CK Tile Example Suite
This directory contains a comprehensive suite of examples demonstrating the CK Tile programming model for high-performance GPU kernels. Each example illustrates a key deep learning or HPC operation, implemented using tile-based parallelism, modular pipelines, and data movement policy.
What is CK Tile?
CK Tile is a composable GPU programming API that expresses kernels as a composition of "tiles"—rectangular blocks of computation and data movement.

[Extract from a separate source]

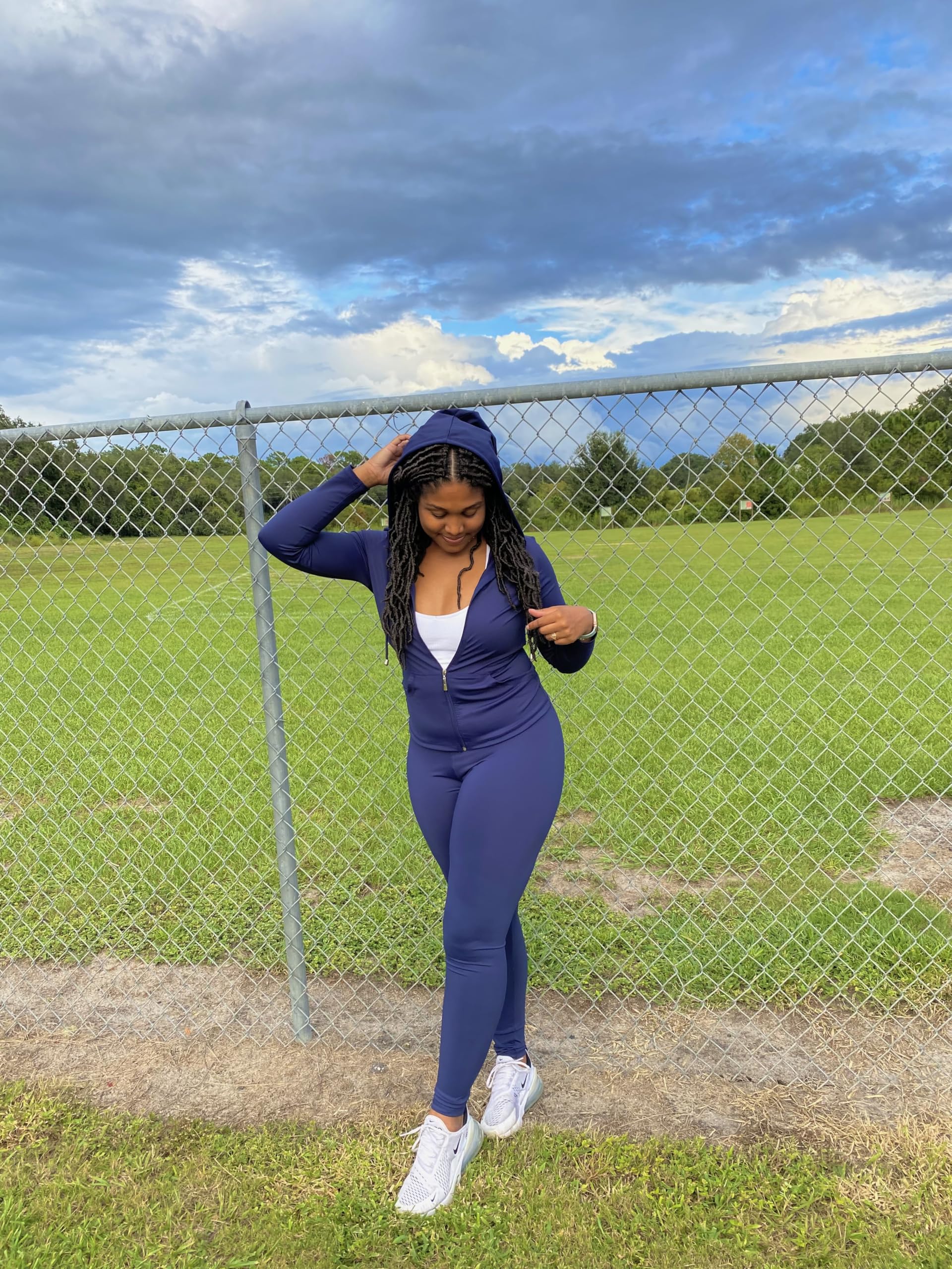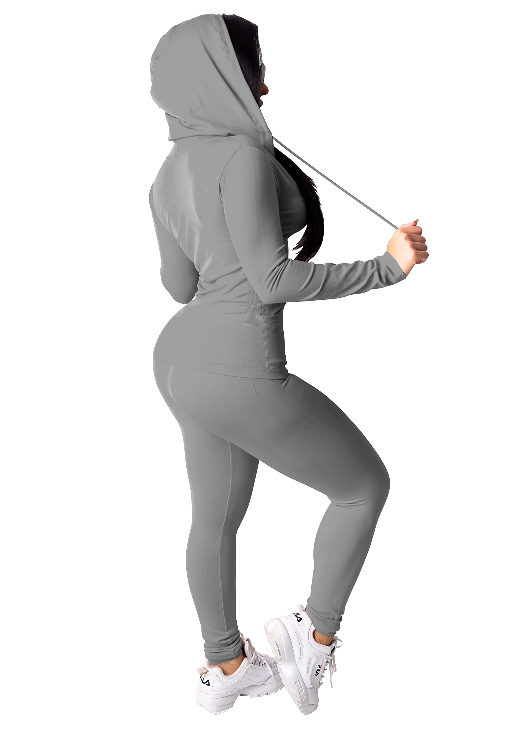 - Long Sleeve Hooded Zipper Jacket With Two Pockets,Bodycon Sweatpants,Lightweight,Easy To Pull On.Slim Fit,Gym Wear.

The pipeline & policy orchestrates data movement (global <-> LDS <-> registers), computation, and synchronization, enabling high efficiency and flexibility.
Example Index
| Example | Operation | Description |
|---|---|---|
| 01_fmha | Fused Multi-Head Attention | Tile-based FMHA with masking, quantization, and epilogue fusion |
| 02_layernorm2d | LayerNorm2D | Blockwise layer normalization with fusion and quantization |
| 03_gemm | GEMM | Matrix multiplication with tilewise parallelism |
| 04_img2col | im2col | Image-to-column transformation for GEMM-based convolution |
| 05_reduce | Reduction | Tilewise sum, max, mean reductions |
| 06_permute | Permute | Generic tensor permutation (up to rank-8) |
| 09_topk_softmax | TopK-Softmax | Rowwise softmax and top-k selection for MoE gating |
| 10_rmsnorm2d | RMSNorm2D | Root mean square normalization for LLMs |
| 11_add_rmsnorm2d_rdquant | Add + RMSNorm2D + RDQuant | Fused add, RMSNorm, and rowwise dynamic quantization |
| 12_smoothquant | SmoothQuant | Per-channel scaling and quantization for int8 inference |
| 13_moe_sorting | MoE Sorting | Token-to-expert rearrangement for MoE dispatch |
| 14_moe_smoothquant | MoE-SmoothQuant | Expert-dependent quantization fused with top-k selection |
| 15_fused_moe | Fused MoE | End-to-end fused MoE block: sorting, group-GEMM, activation, weighting |
| 16_batched_gemm | Batched GEMM | Parallel computation of multiple GEMMs |
| 17_grouped_gemm | Grouped GEMM | Multiple independent GEMMs with different shapes |
| 18_flatmm | FLATMM | Flattened matrix multiplication for packed layouts |
| 19_gemm_multi_d | Multi-D GEMM | GEMM with multiple side inputs (bias, residual, etc.) |
| 35_batched_transpose | Batched Transpose | NCHW <-> NHWC and other layout conversions |
| 36_copy | Copy | Minimal example for tile-based memory movement |
| 37_transpose | Block Transpose | High-performance tiled transpose for large tensors |
Technical Highlights
- Tile Distribution: See
include/ck_tile/tile_program/tile_distribution/for mapping tiles to thread blocks. - Block Tile Pipelines: See
include/ck_tile/tile_program/block_tile_pipeline/for memory/computation pipelines. - Policies and Utilities: Many examples use custom policies for tile/block size and memory access.
How to Build & Run
mkdir build && cd build
sh ../script/cmake-ck-dev.sh ../ <arch>
make -j
Each example produces its own executable in build/bin/.
Learning and Extending
- Start Simple: Try 03_gemm or 36_copy to learn tile basics.
- Explore Fusion: See 11_add_rmsnorm2d_rdquant, 15_fused_moe, or 14_moe_smoothquant for advanced fusion.
- Experiment: Modify tile sizes, layouts, or pipelines to explore performance and flexibility.